The Adagio is made up of three parts. After an eight-bar introduction, carried only by the figured bass made up of organ and deep pizzicato strings, the high strings begin with an elegiac, melancholy melody that consists mainly of descending motifs and is sequenced several times . This part is repeated. This is followed by a cadenza-like middle section in which a solo violin enters into dialogue with the resting figured bass. The final third part is a variation of the first part (including the introduction) with several short appearances by the solo violin and a passionate upswing by the string ensemble towards the end.

The length of the piece (duration 7–12 minutes) shows that it can hardly be a real sonata movement by Albinoni; Above all, however, it is the (late) romantic style that clearly refers the work to the 19th or 20th century. Both melodically and harmonically, it is more reminiscent of Puccini or Mascagni than Albinoni. The main theme (which was already contained in Giazotto's presumed source) also shows a striking resemblance to a passage from the first movement of Mozart's Horn Concerto in E flat major KV 495 and to the theme of the second movement ( Adagio sostenuto ) from Piano Trio No. 1 in E flat - Major op. 33 by Louise Farrenc . The descending melodic line can also be found in the Adagio ma non troppo (Arioso dolente) of the 3rd movement of Beethoven's Piano Sonata No. 31 in A flat major, Op. 110 .

Effect and reception

Although the Adagio is stylistically very different from Albinoni's real works, it made a major contribution to the rediscovery of this baroque composer, largely forgotten for two centuries. Numerous chamber orchestras and ensembles have included it in their repertoire and recorded it on record or CD, often in combination with other works by Albinoni. There were also arrangements for a wide variety of line-ups (from brass ensembles to guitar solos). Even rock bands attacked the piece and adapted it in their style, such. B. Ekseption (1970), Renaissance (1974), The Doors (1978), Yngwie Malmsteen (1984) or Muse (2006). It has also been used in several films, including The Trial (1962), Red Sun (1970), Everyone for Himself and God Against All (1974), Rollerball (1975), Moon Base Alpha 1 (Season 1, Episode 23, 1976), Gallipoli (1981), Flashdance (1983), Welcome to Sarajevo (1997), Raus aus Åmål (1998) and Manchester by the Sea (2016).

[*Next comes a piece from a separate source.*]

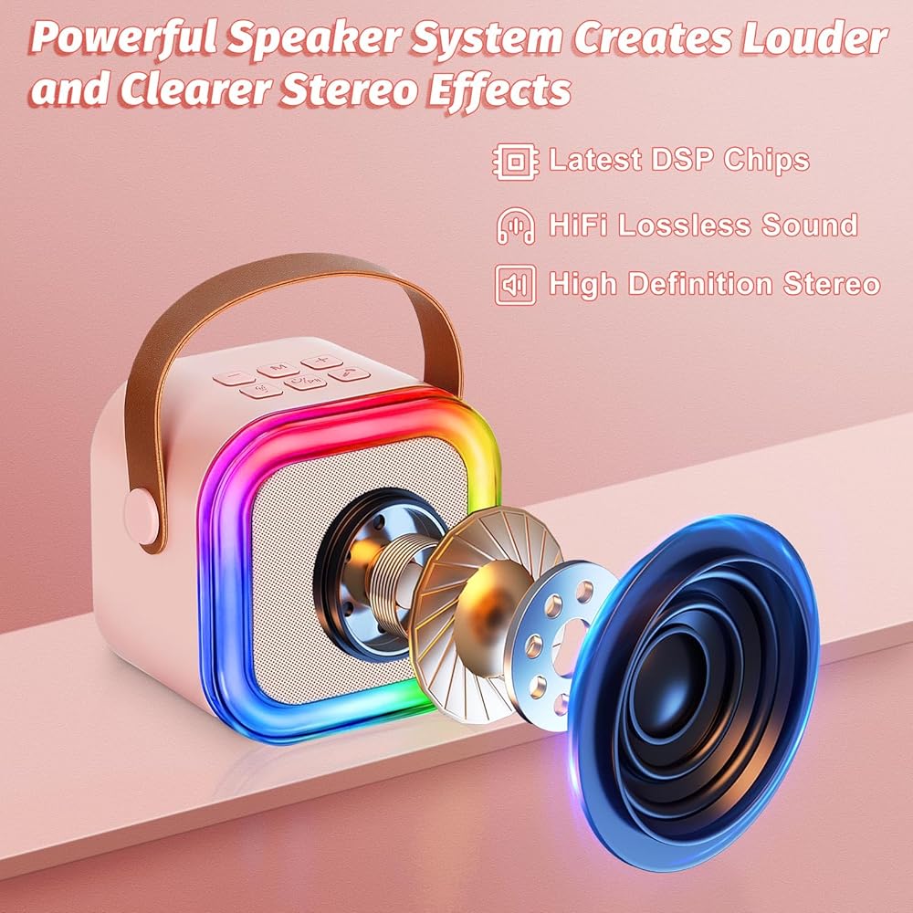 【Bluetooth Microphone】 - This kids karaoke machine with Bluetooth 5.3 technology ensures instant pairing and automatically stabilizes the connection at startup, perfect for parties and gatherings, compact but powerful and loud.

The Adagio is now one of the best-known and most popular pieces of “classical music” and is included in most compilations of baroque “hits”. According to the assessment of the musicologists Wulf Dieter Lugert and Volker Schütz from 1998, Giazotto “as the copyright composer of the piece is by far the most earning contemporary composer of the last 50 years”.

Individual evidence

  1. See the facsimile of the title page .
  2. See the facsimile of the preface .
  3. ^ Letter from the Sächsische Landesbibliothek Dresden dated January 14, 1998, quoted in: Wulf Dieter Lugert, Volker Schütz: "Adagio à la Albinoni", Praxis des Musikunterrichts 53 (February 1998), p. 13.
  4. ^ Letter from the Saxon State Library in Dresden (subject librarian Marina Lang) dated September 24, 1990, reproduced as a facsimile in Lugert / Schütz (1998), p. 15.
  5. Nicola Schneider: La tradizione delle opere di Tomaso Albinoni a Dresda , tesi di laurea specialistica, Facoltà di musicologia dell'Università degli studi di Pavia, Cremona 2007, pp. 181f.
  6. ^ Facsimile and transcription in Schneider (2007), pp. 184 and 188; New set on IMSLP .
  7. In a copy of the 1st edition of the Adagios in the library of the Milan Conservatory there is a handwritten note by Giazotto that the fragments are being kept in the “Biblioteca Statale di Lipsia ”, ie in Leipzig (Schneider 2007, p. 186f.). Unclear and unverifiable sources are also found in other publications by Giazotto (examples ibid., P. 186).
  8. ↑ The fact that Giazotto no longer incorporated the fragment into his Albinoni catalog raisonné, although he would have had five years before the book went to print, could indicate that he himself had doubts about its authenticity - or knew that it was inauthentic.
  9. Horn solo in bars 97–100 and 105–108; see. Score on IMSLP , audio sample on YouTube .
  10. See audio sample on YouTube .
  11. See audio sample on YouTube .
  12. Lugert / Schütz (1998), p. 13.